Hey

It’s one am, I have my coffee

It’s Monday, Ima work on my business.  I’m having payment method issues.  I’m so chomping to publish that campaign, that it’s driving me nuts.

I have confidence that my reality w improve; Idk why.  I love J’s commandments, they have done so much for me.

My neck is burning, bc of the nicotinic acid I took.

Earlier Today

I’m down Ferry Meadows

I was thinking about this time when I was a kid. I was angry. My dad was like all offended, and said to him I’m not angry at you.

I was thinking about the ability, to recognizing, whether someone is angry at me or not. Like it would be a much better reality. I would never be asking myself, is this person angry at me; or automatically thinking it was about me, without even thinking who it was about 

Is these kind of things, that attract me to a better reality? 

Is it the judgment for the brain, that is worrying, and creating all these questions and uncertainty, shame, and bad feelings 

I mean, it’s pretty obvious that it does. If there’s a trigger anywhere, there’s probably some sort of judgment at the center in the heart of it. 

I still get triggered, though I am able to function, you know, like I go shopping, I’m able to think of all the things I need, get it done you know, just be able to do what I need to do 

I’m pretty sure that I could step into the reality where I’m doing this even less 

Back To Rn

Being able to carry on on this path of following J’s commandments, is rly all I care about.  It has actually helped me to feel content in my life, something that I w challenged w for most of my life.  It w rly w I w after the whole time that I w following them.

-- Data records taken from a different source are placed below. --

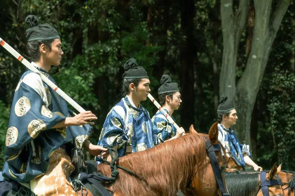 大河ドラマ「光る君へ」第7話。打毬に臨む(手前から)直秀(毎熊克哉)藤原道長(柄本佑)藤原斉信(金田哲)藤原公任(町田啓太)(C)NHK
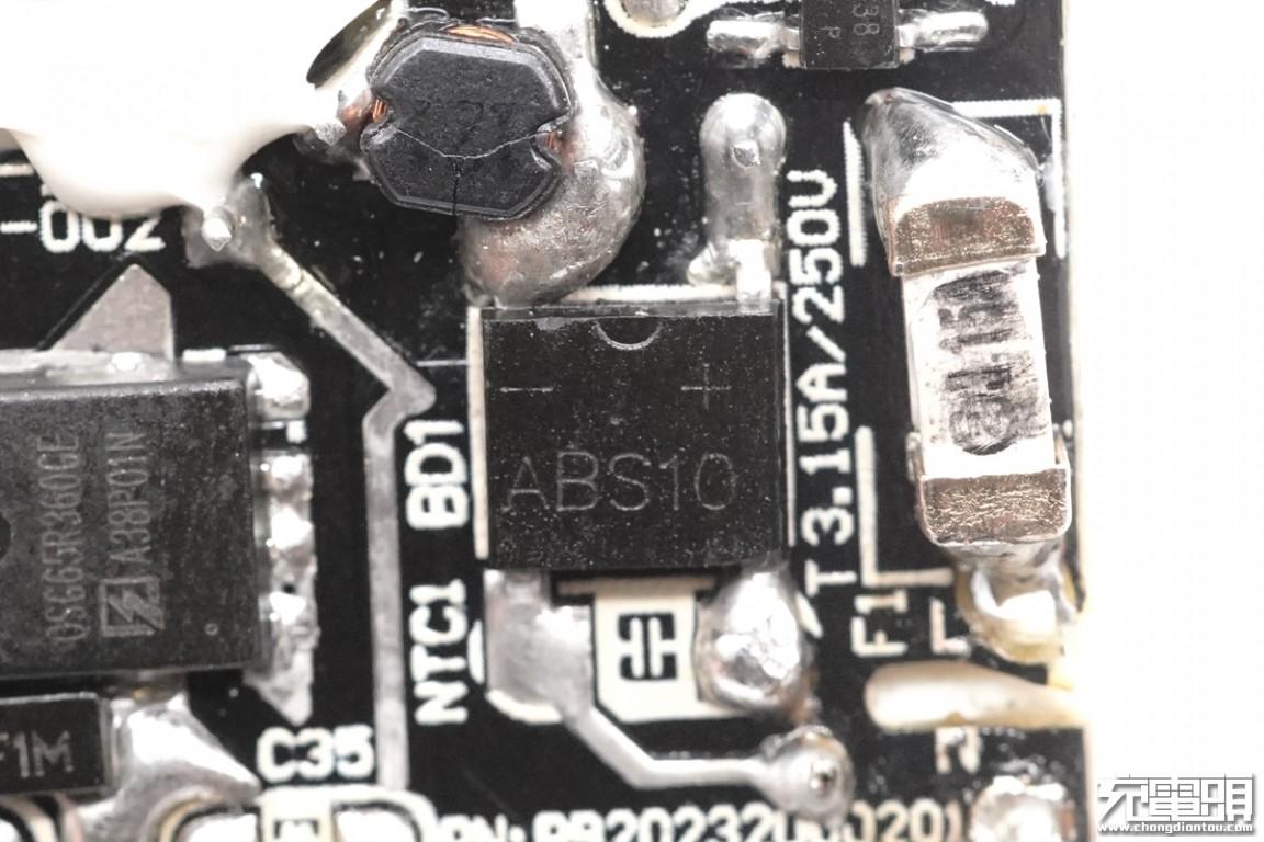 经过对充电器观察分析发现,品胜20W PD快充充电器采用了典型的开关电源输出宽范围电压,再由PD协议芯片通过光耦控制输出电压的架构。下面就由输入端开始为大家一一介绍这款产品的用料。
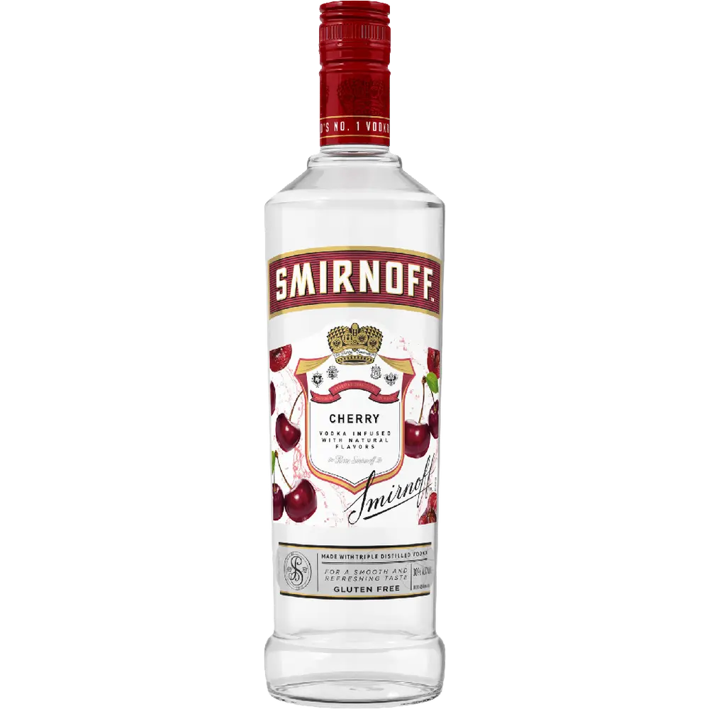 Smirnoff Vodka Cherry Flavored 60 750 ML is a vibrant and smooth vodka infused with the bold, juicy taste of ripe cherries. This flavorful spirit combines Smirnoff’s signature clean vodka profile with a sweet and tangy cherry essence that delivers a refreshing and lively drinking experience. Smirnoff Vodka Cherry Flavored 60 750 ML is crafted at 60 proof, making it light, versatile, and perfect for cocktails. From simple vodka sodas to fruity martinis, Smirnoff Vodka Cherry Flavored 60 750 ML adds a delicious cherry twist to any occasion. Smooth, crisp, and fruit-forward, Smirnoff Vodka Cherry Flavored 60 750 ML is ideal for parties, gatherings, or casual sipping. Truly, Smirnoff Vodka Cherry Flavored 60 750 ML brings together sweetness, tang, and smooth vodka quality in every sip.Smirnoff Vodka Cherry Flavored 60 750 ML
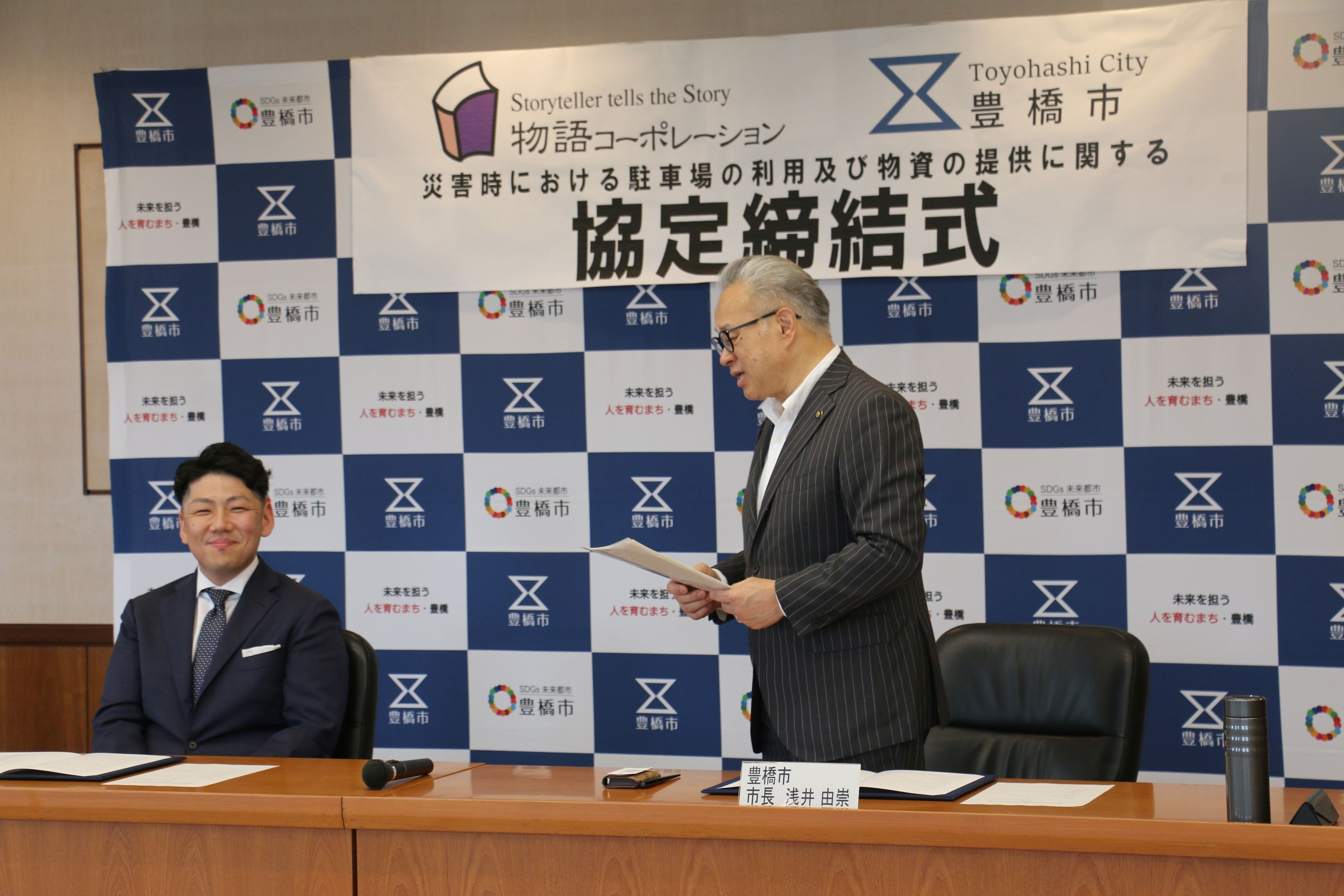 株式会社物語コーポレーションの加藤央之社長は「地方自治体との協定締結は、防災分野に限らず、初めての取り組みになります。まずは創業の地である豊橋市からと思い、協定締結に至ったことを嬉しく思います。災害時には少しでも協力できればと思います。」とコメントし、豊橋市の浅井由崇市長は「地域の災害対応力の向上に繋がります、本当に感謝いたします」と述べました。
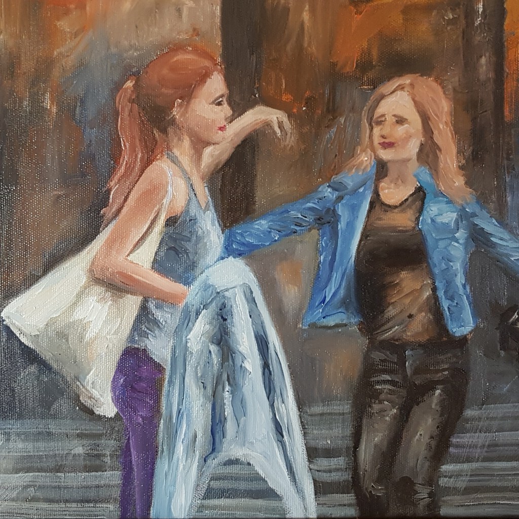 Art Olieverf Vriendinnen Meisjes Personen Ontmoeting Muur Vreugde
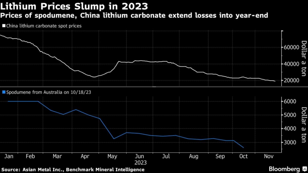 (中國電池級碳酸鋰和澳洲鋰精礦價格走勢圖。圖源:彭博社)
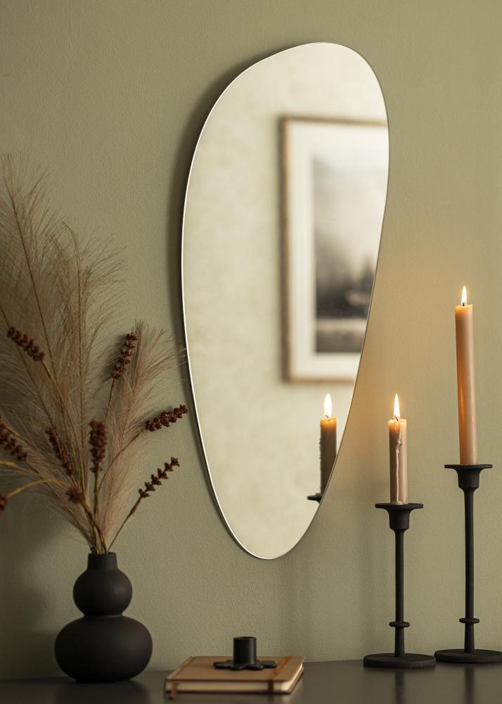 Denna väggspegel är minimalism när den är som bäst – med en design utan ram och en asymmetrisk, långsmal form. Spegelglasets tunnhet, på endast 4 mm, förstärker den stilrena minimalistiska känslan ytterligare.
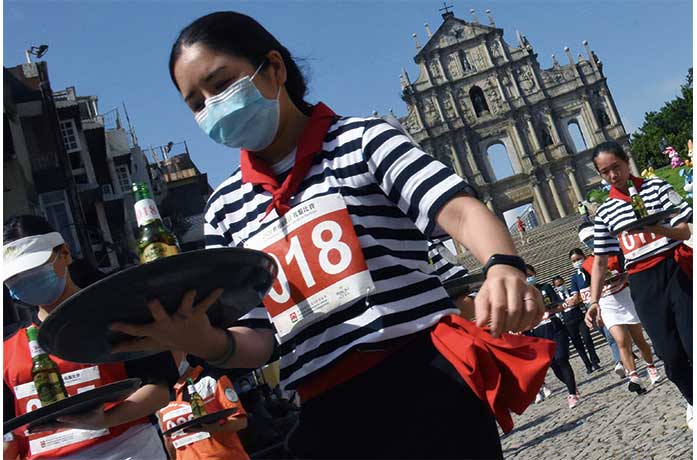 傳統托盤比賽在昨午舉行,超過九十名參賽者分別代表澳門二十間酒店及餐廳等作賽,他們手持載有啤酒的托盤從大三巴牌坊出發,以最快速度到達議事亭前地的終點。
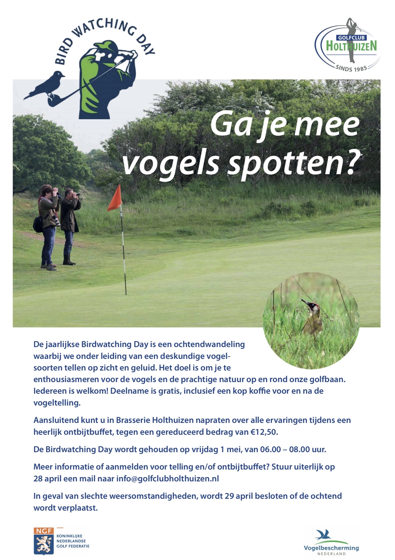Kom ook naar de Birdwatching Day op vrijdag 1 mei van 6-8 uur 's ochtends bij Golfclub Holthuizen aan het Oosteinde 7A in Roden. We beginnen met koffie. Daarna gaan we vogels spotten op het terrein van de golfbaan onder begeleiding van een ervaren IVN vogelgids en vervolgens kun je aanschuiven bij een smakelijk ontbijtbuffet voor €12,50 in de Brasserie.
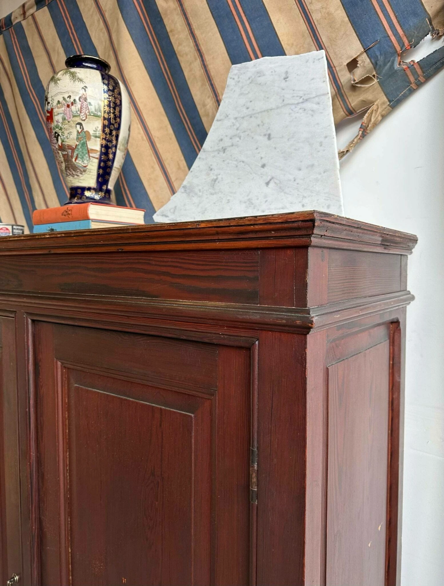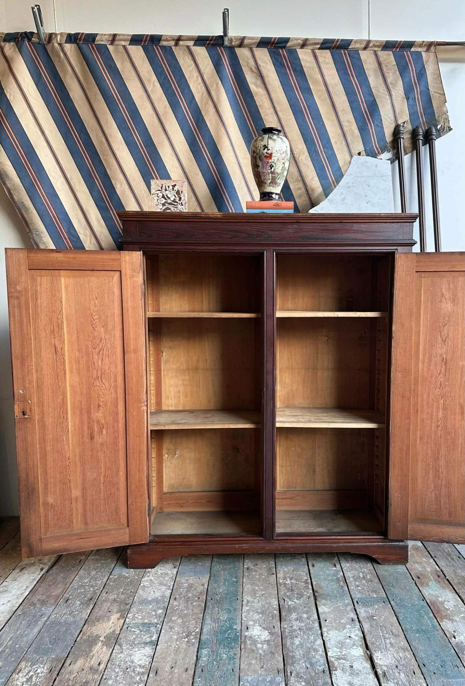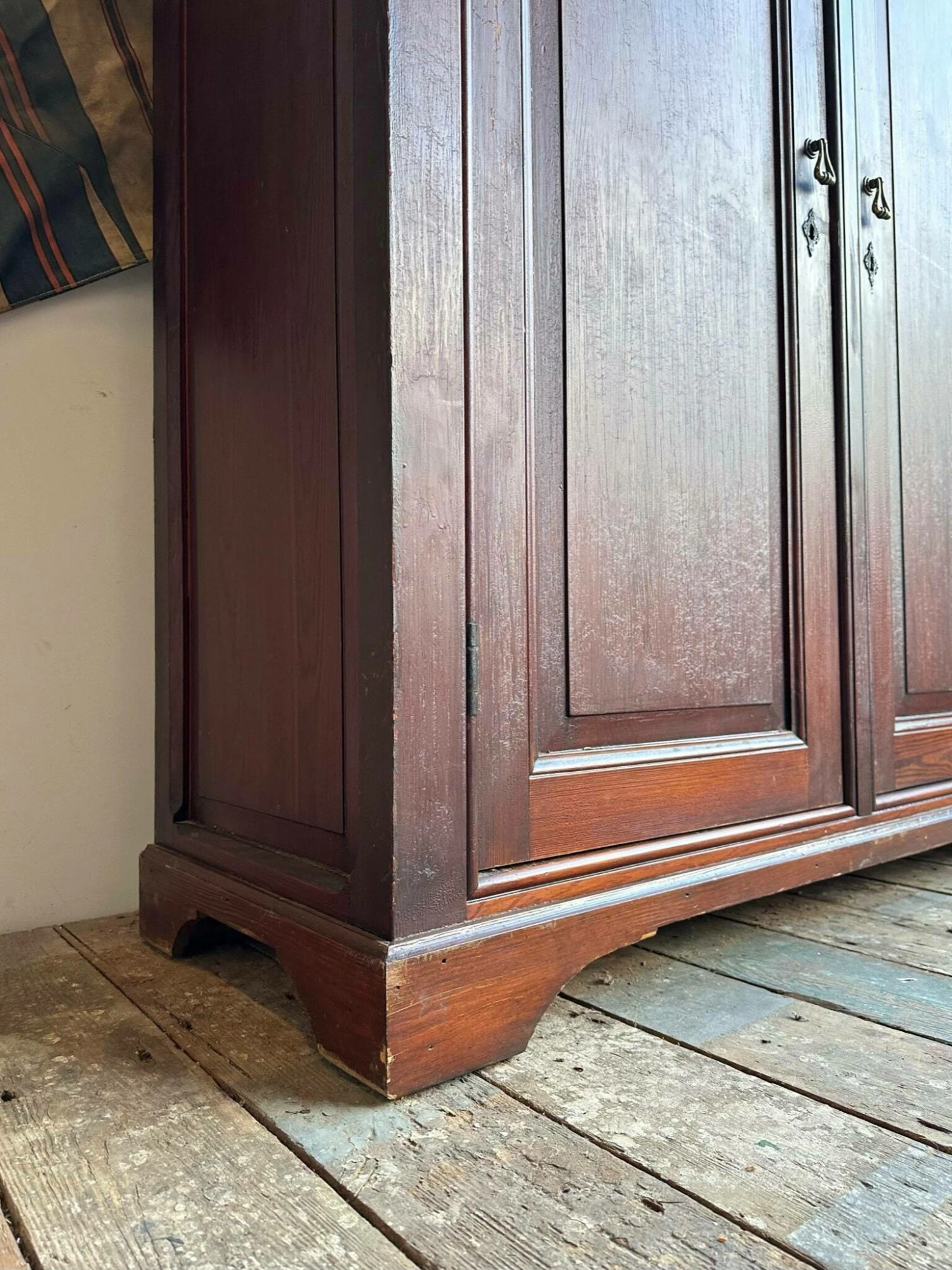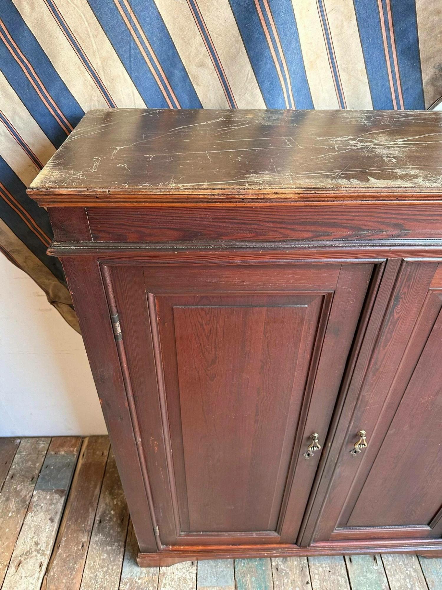 Pitch pine, two-door cupboard with slim proportions but a very heavy solid construction.
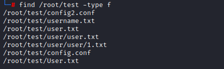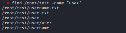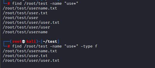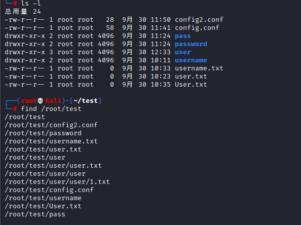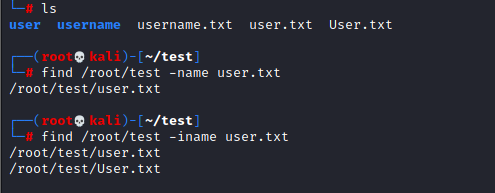- 指定在/root/test目录下搜索user文件夹及user.txt文件
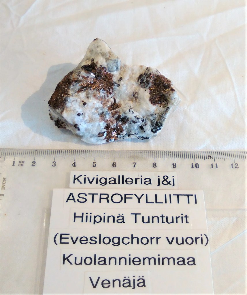 Hieno pala Astrofylliittiä (raaka) Venäjän Hiipinä-tuntureilta Kuolanniemimaalta. Hyvä meditaatiokivi, vahvistaa keskittymiskykyä.

Something told me that they w do this for me, and they have.  I used to feel alright when I w a kid, and I felt that they w do this for me again.  I hope to just continue on that, this, path and just step into that fully.  Like I say, my triggers get smaller the whole time that I do this

I mustn’t feel that people are watching me, as they speak, waiting for some kinda sign around me responding to their speech, like internally.  That’s extreme violation, I feel, that they w be cross w me for how I feel around w they say.

That’s something that I w hope to get next from this experience, that I am more attuned to their intentions, and c tell whether this were the case.

It shocks me how dope I have to be, just to be able to get by in life, w|o getting triggered like ninety percent of the time.  Like people feel that they’a just coast through life, I feel.  I have to say that I don’t vibe w this.  I feel that a person has to be in absolute tip top mental shape to even be able to cope w every day sh.

I feel that w w I w so happy as a kid, I just had that extreme ability to function well; nothing bothered me.  It 👏 w 👏 due to health.

Is it any wonder that when people get older they feel that life gets on top of them, I feel they have lost their edge.

Getting in tip top mental shape w not my aim, I just wanted to feel young again, I hadn’t rly connected the dots.  Ima totally not pass on that tho.  Kinda scares me tho, w that make me stand out.

F it zhè it’s already making me stand out, got hella people flirting w me.  It comes to mind that a n’a gotta be who they wanna attract.  I w prefer if they w leave me alone.

It’s all about the external, no one thinks to change themselves inside to get w they want.  They look out into the world and say I want this, I want her, and never focus on being the person they wanna be being the highest prize, I feel.  It flabbergasts me that people don’t look w|i.

It’s like Seal, only some people want to fly, isn’t that crazy; and yet we all crumble w age anyway, I feel.

And yet the material, w point is there to it, none.

I yelled at someone the other day, that scared me.  For about a week now, I have been concentrating on the parable of the wicked servant.  Luckily he w miles away and probably never heard me.  I car soaked me driving past and there w no need for it.

I feel it’s just about letting people hurt me, as they do, I feel, day in day out, a little.  That kinda w me unleashing my feeling that people just are evil, all focussed on this one person.  I suppose it’s just me judging myself, Ima stop.

Kinda makes me wonder, if I function so well, why do I have schizophrenia.  Maybe it’s just how evil this medication is is that, that’s how it affects me when I come off it, I feel.

I w told that all, give or take, who are in the hospital are there bc of drugs.

Tbh, having full on awareness at my age scares the f out of me.  I suppose it might help to realize that it w connect me to people, and not separate them from me.

This last month has been a process of feeling closer to people, if not just bc of slowing my pace when walking past them, and just feeling some kinda connection, respect or whatever the f; we are both human and dwelling in that for a brief moment.

It’s nice to feel that people are human.  That’s w this whole journey is about, seeing the world as I used to see it, and that starts w the people in it.  That’s w no judgement is for, to cease to brand people this way or that, coloring how I see them, creating this fog that stops me from seeing them, the real them.

They are beginning to shine through, and w I see just makes me feel good, and at the same time, they seem evil, it’s a rl paradox.

Tbh, does evil just mean someone that’s gonna die, Idk.